Sunday, January 6, 2013

Obama's Main Mistake

Compounded interest is interest that is added to the principal so that it also earns interest over time. For example, an initial deposit of $1,000 at 20% interest per year will be worth $7,000 after 10 years. Not bad for a relatively small investment.  Income interest, however, isn't the only thing that can be compounded over time.

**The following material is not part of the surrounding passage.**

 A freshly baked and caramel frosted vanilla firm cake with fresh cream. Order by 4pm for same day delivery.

Over the next few weeks we are going to here an awful lot from Republicans about the debt of the United States, which now stands at $16 trillion and has gone up $5 trillion over the last four years. The reason this is important is because for most of the last four years, Republicans have done a masterful job of blaming the economic woes of the country on that debt.

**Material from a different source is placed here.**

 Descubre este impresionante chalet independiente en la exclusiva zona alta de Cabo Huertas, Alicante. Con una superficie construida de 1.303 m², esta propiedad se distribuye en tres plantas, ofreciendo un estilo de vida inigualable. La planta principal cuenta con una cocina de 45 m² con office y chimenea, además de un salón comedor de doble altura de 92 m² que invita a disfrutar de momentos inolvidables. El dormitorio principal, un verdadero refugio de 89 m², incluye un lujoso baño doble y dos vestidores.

And, naturally, that new debt all belongs to one Barack Obama, the current president we're all told who has added more to the national debt than all the previous presidents combined. 

Of course neither of those claims is even remotely true.  The facts are that the debt had absolutely nothing to do with either the cause of the Great Recession or the slow pace of the recovery from it. Furthermore, the lion's share of the new debt that Obama supposedly added to the existing debt was from George Bush, courtesy of his huge tax cuts, two wars and Medicare Part D.  Added up they come to $500 billion per year. Then you have the cost of the recession itself, which amounts to roughly $250 billion annually in lost receipts to the treasury.


That's a total of $750 billion per year or $3 trillion over four years. The Iraq war is now over and in another year the Afghan war will come to an end. But the nagging issue that remains is the bulk of the Bush tax cuts for those families under $450, 000 which, now that they've been made permanent, will cost an estimated $240 billion a year, and Medicare Part D which will cost another $100 billion a year. There just aren't enough cuts in discretionary spending to offset that much of a revenue drain and there isn't one legitimate economist who believes otherwise.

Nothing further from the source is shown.